# Astros In Action Urban Invitational Baseball Tournament



## Firebird65 (Feb 28, 2013)

Pics taken Sunday, February 24, 2013 at Minute Maid Park in Houston, TX. Schools participating included the Texas Southern Tigers, Prairie View A&M Panthers, Southern Jaguars and Alabama State Hornets.


----------



## cgipson1 (Feb 28, 2013)

Duplicate threads are not allowed!


----------



## Firebird65 (Feb 28, 2013)

Wow... THAT'S your reaction? Uh, thanks, I guess. Although there are no duplicate threads. But I guess I appreciate your response, such as it is.


----------



## cgipson1 (Feb 28, 2013)

Firebird65 said:


> Wow... THAT'S your reaction? Uh, thanks, I guess. Although there are no duplicate threads. But I guess I appreciate your response, such as it is.
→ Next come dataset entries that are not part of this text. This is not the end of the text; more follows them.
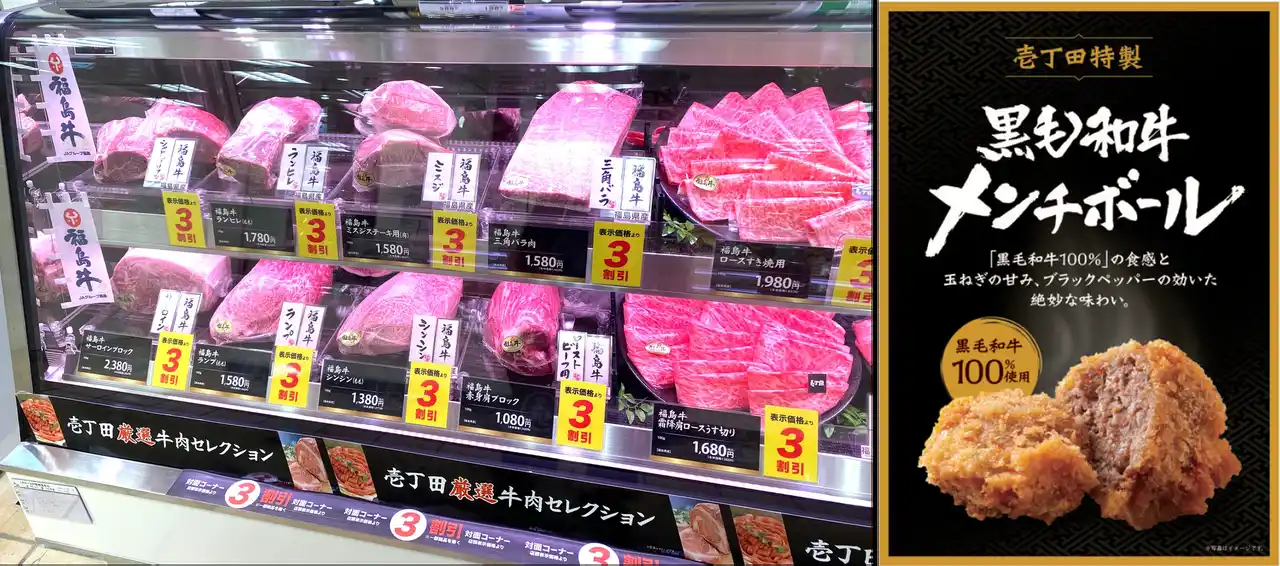 今回のリニューアルでは、対面販売のライブ感はそのままに、さらに精肉専門店の素材で店内手作りした「壱丁田の肉惣菜」を拡大。地産地消の「福島牛」や「福島県産ほろよい豚」のラインナップを拡充し、地域の皆様の食卓に、より新鮮で高品質なお肉と、手軽に楽しめる精肉専門店「肉処 壱丁田」の味をお届けします。 |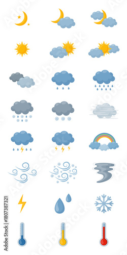 © Anna, Fototapeta premium Cute cartoon weather icons collection isolated on transparent background.Moon, stars, sun, clouds, rain, snow, wind, rainbow, lightning, temperature.Elements for weather forecas.Vector illustration.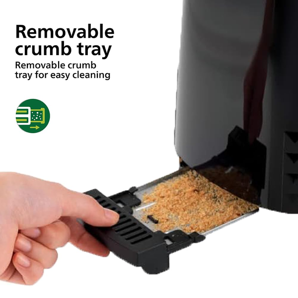 Efficiently prepare eight different types of toast for breakfast as per each family member’s liking using the eight browning modes of the Philips HD2583/90 Daily Collection Toaster. It is built with two large variable slots for different sizes of bread. A cancel option in this toaster allows you to stop operation mid-cycle. Also, the removable crumb tray collects the fallen crumbs in this toaster and lets you clean and maintain it. Furthermore, this toaster lets you reheat your toasted bread as well as defrost frozen bread.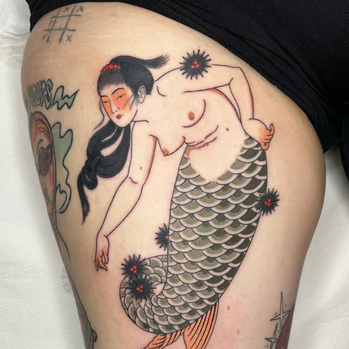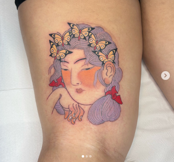 Su nombre real es Sonia y es una artista del tatuaje con un estilo distintivo que combina influencias orientales y surrealistas.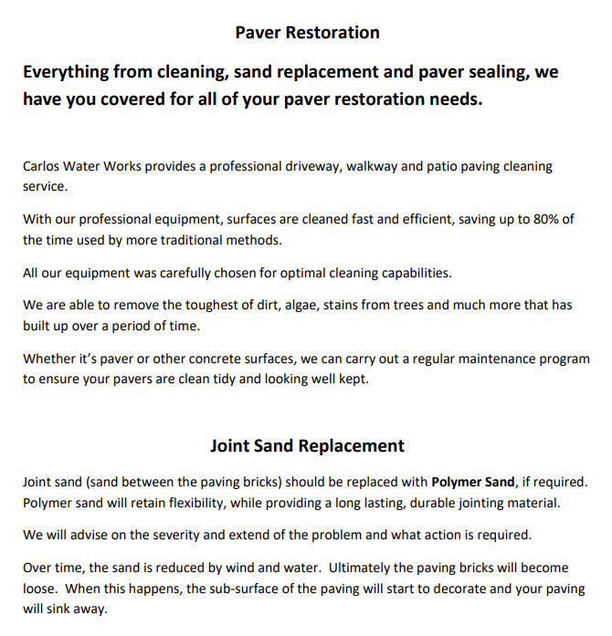 Carlos Water Works PAVER RESTORATION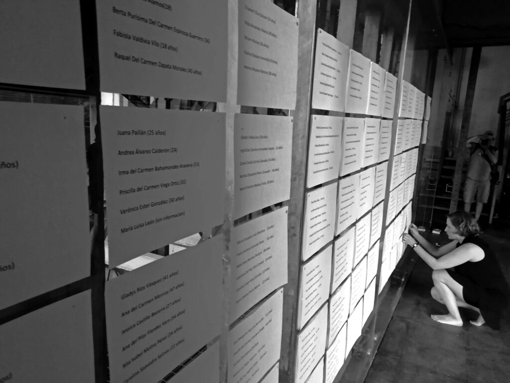 Esta obra retoma una reflexión propuesta en el año 2007 que se transformó en una de mis líneas de trabajo feminista: la denuncia. Cuando realicé la primera versión de esta obra (Festival Ensemble of woman de PerfoPuerto, Santiago de Chile) en Chile ya sumaban 40 femicidios. Ese mismo año acabó finalmente con 62. Y al momento de proponer la continuación de aquella obra y considerando los años que han pasado, la cifra se eleva a 738, aún cuando los registros oficiales contabilizan en fojas cero cada 1 de enero. Por ello, Ni una más II (2007-2019) se propone como una reflexión extendida a partir de aquella primera propuesta: para evidenciar, y, sobre todo, para reflexionar acerca del escaso avance en políticas públicas, considerando la magnitud del problema social.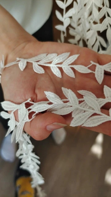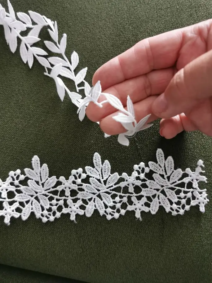 Dentelle de haute qualité 1 mètre 91cm | Tissu de dentelle de haute qualité 2cm, feuille blanche, dentelle brodée, garnitures de ruban, couture, col de mariage, dentelle F32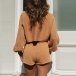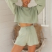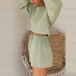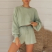 Fashion Solid Color Lantern Sleeve Knit Top+ Shorts Two-piece Set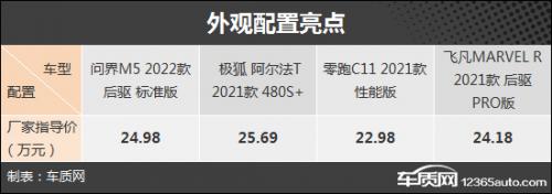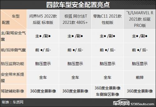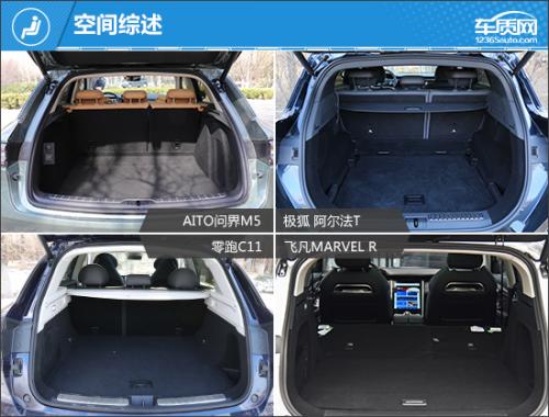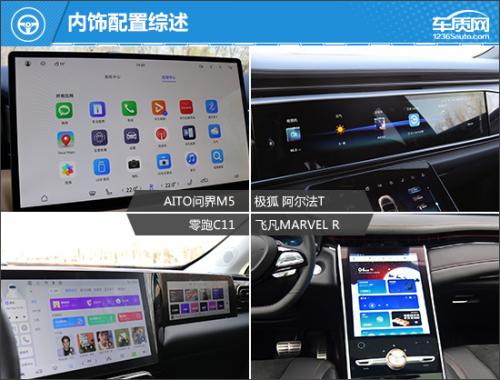 动力上,四款车型中零跑C11动力表现要强于其余三款车型,且纯电续航里程也处于同级别领先优势,同时该车也是四款车中唯一的四驱车型。问界M5搭载了增程式动力,该车纯电续航里程虽然不及其它三款车型,但得益于增程器的加入,综合续航里程可超过1000km;MARVEL R纯电续航表现仅次于零跑C11车型,505km的纯电续航也能满足我们出行需求。极狐阿尔法T由于推荐车型原因,纯电续航里程不如零跑C11和MARVEL R。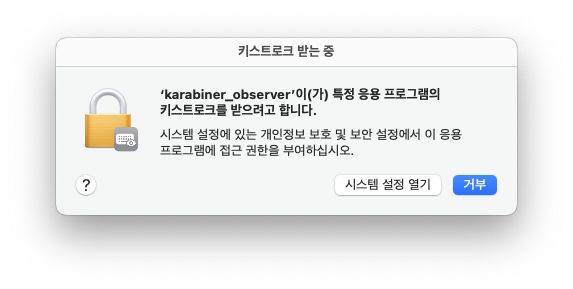 그러면 시스템에서 키보드의 키스트로크를 karabiner-observer 프로그램이 가져가려고한다는 경고를 띄운다. '시스템 설정 열기'를 눌러서 설정해주자.

Cool.. you changed out the images in the other thread! Nice images.. you have a good eye, and good timing on the action shots!


----------



## o hey tyler (Feb 28, 2013)

Firebird65 said:


> Wow... THAT'S your reaction? Uh, thanks, I guess. Although there are no duplicate threads. But I guess I appreciate your response, such as it is.



It's okay, some people just don't know how to read the dates in the first sentence of your post.


----------



## leeroix (Mar 1, 2013)

Why do these and the ones in your other thread look noisy? What ISO were you at?


----------